Brief
Return the listing exactly. Keep no pictures.
━━━━━ Exercise input ━━━━━
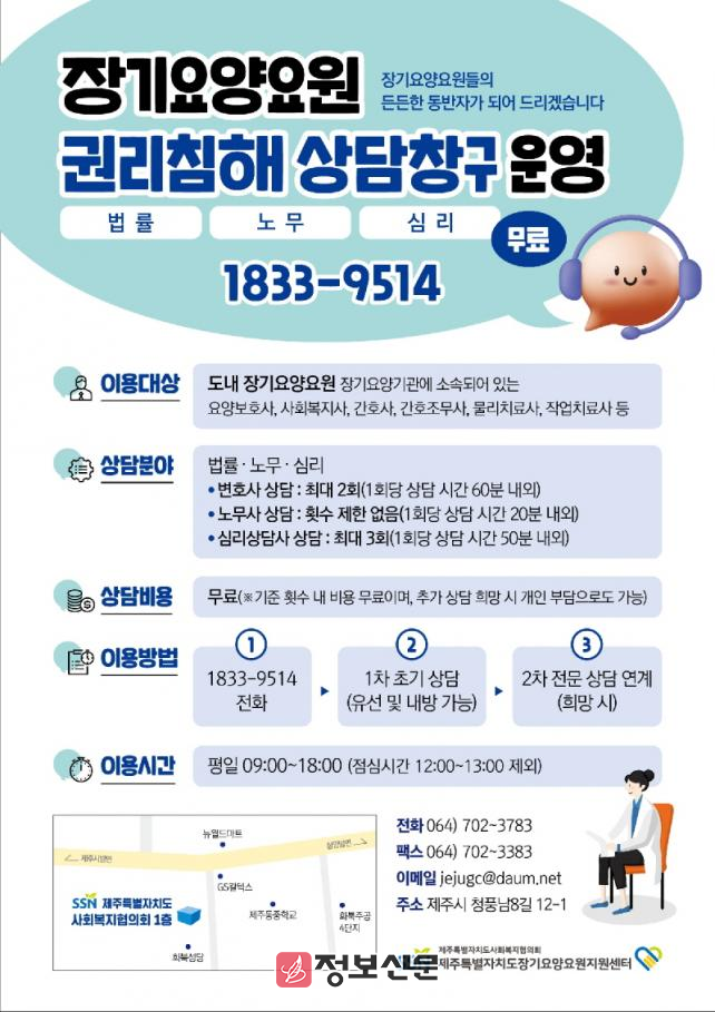 ![]() 제주특별자치도, 도 단위 최초 장기요양요원 고충상담콜‘시시콜콜’운영 |
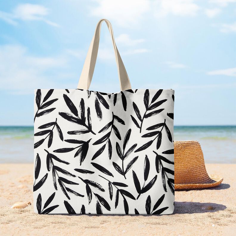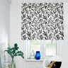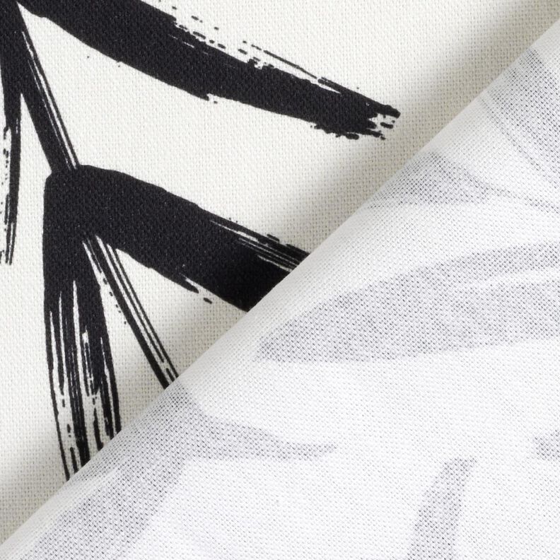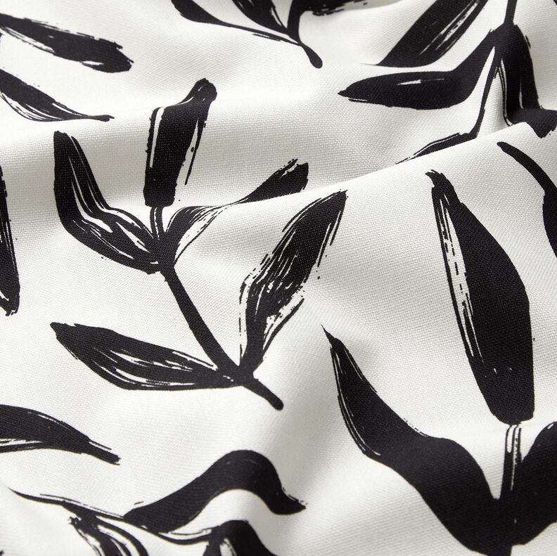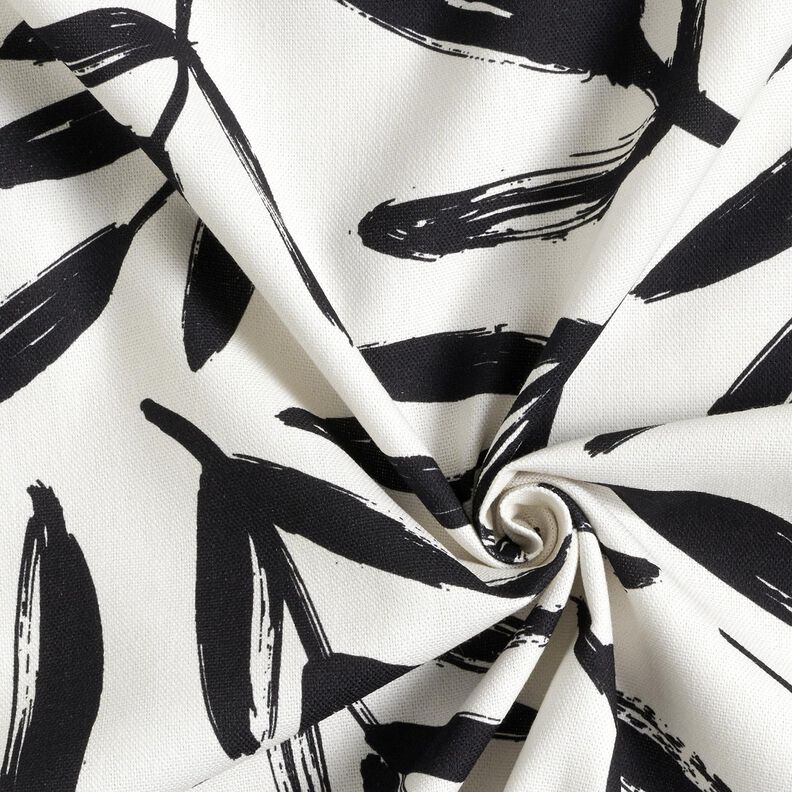 Dekorationsstof Halvpanama minimalistiske blade – sort/elfenben
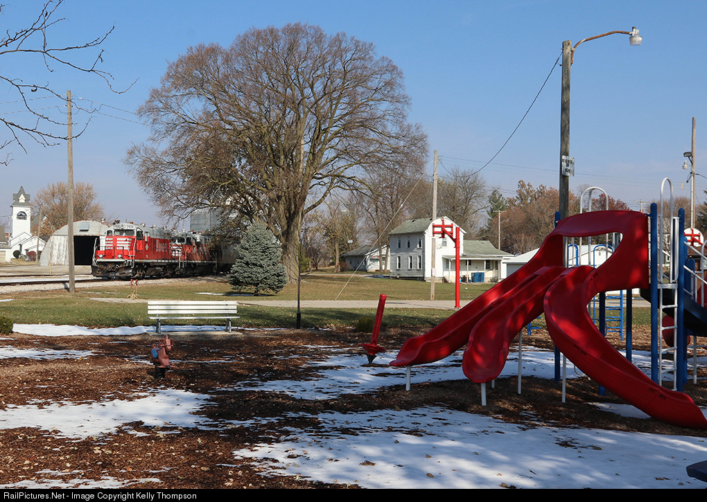 BLOL 7591 pulls through Cullom with 25 grain loads. Here they are passing the nice park set up around downtown.
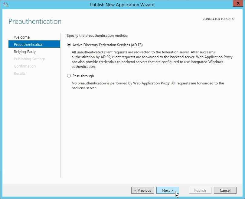 Теперь ничто не мешает опубликовать сервис. Нажимаем Publish и следуем указаниям визарда. Первый шаг — выбор метода преаутентификации, здеcь два варианта, о которых мы говорили в самом начале: AD FS и Pass-through. Первый вариант содержит на один шаг больше. Выбираем Pass-through.
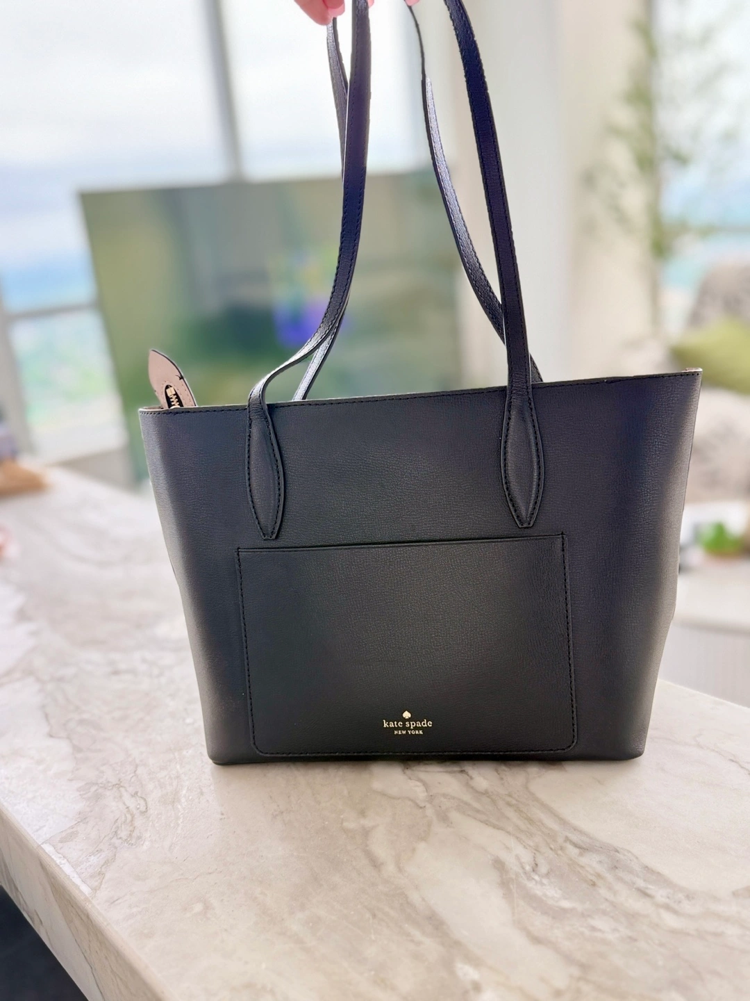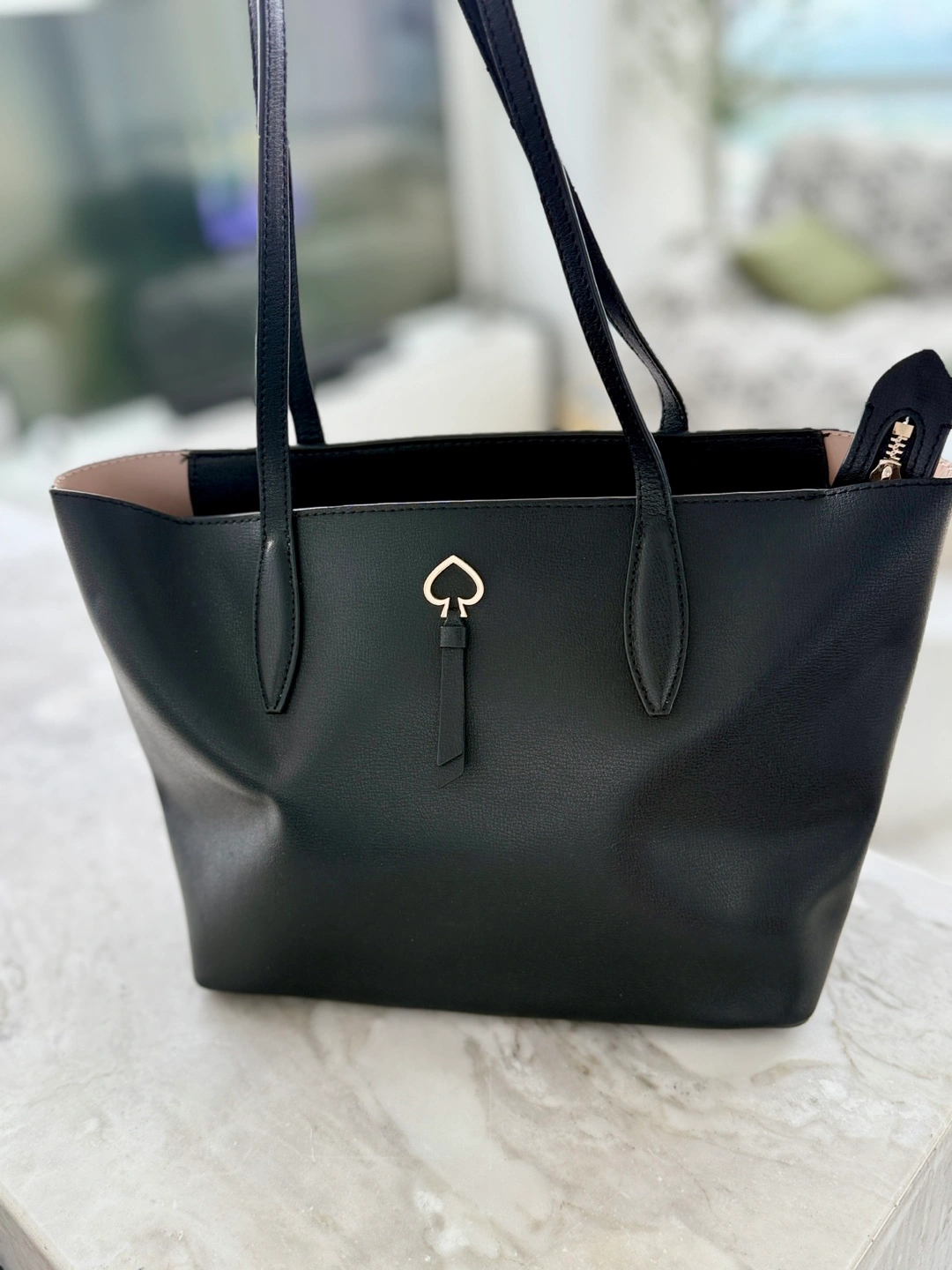 73Kate Spade Small Tote – Black, Gently Used 📍 Park Lawn & Lake Shore (Etobicoke) | Pickup Only Selling a gently used Kate Spade Small Tote in classic black. Clean, structured, and perfect for everyday use—fits all your essentials without being bulky. Details: • Black leather with gold-tone hardware • Zip-top closure, dual handles • Interior slip pocket • Gently used, no tags
━━━━━
Result of this task
 ![]() 제주특별자치도, 도 단위 최초 장기요양요원 고충상담콜‘시시콜콜’운영 |
 Dekorationsstof Halvpanama minimalistiske blade – sort/elfenben
 BLOL 7591 pulls through Cullom with 25 grain loads. Here they are passing the nice park set up around downtown.
 Теперь ничто не мешает опубликовать сервис. Нажимаем Publish и следуем указаниям визарда. Первый шаг — выбор метода преаутентификации, здеcь два варианта, о которых мы говорили в самом начале: AD FS и Pass-through. Первый вариант содержит на один шаг больше. Выбираем Pass-through.
 73Kate Spade Small Tote – Black, Gently Used 📍 Park Lawn & Lake Shore (Etobicoke) | Pickup Only Selling a gently used Kate Spade Small Tote in classic black. Clean, structured, and perfect for everyday use—fits all your essentials without being bulky. Details: • Black leather with gold-tone hardware • Zip-top closure, dual handles • Interior slip pocket • Gently used, no tags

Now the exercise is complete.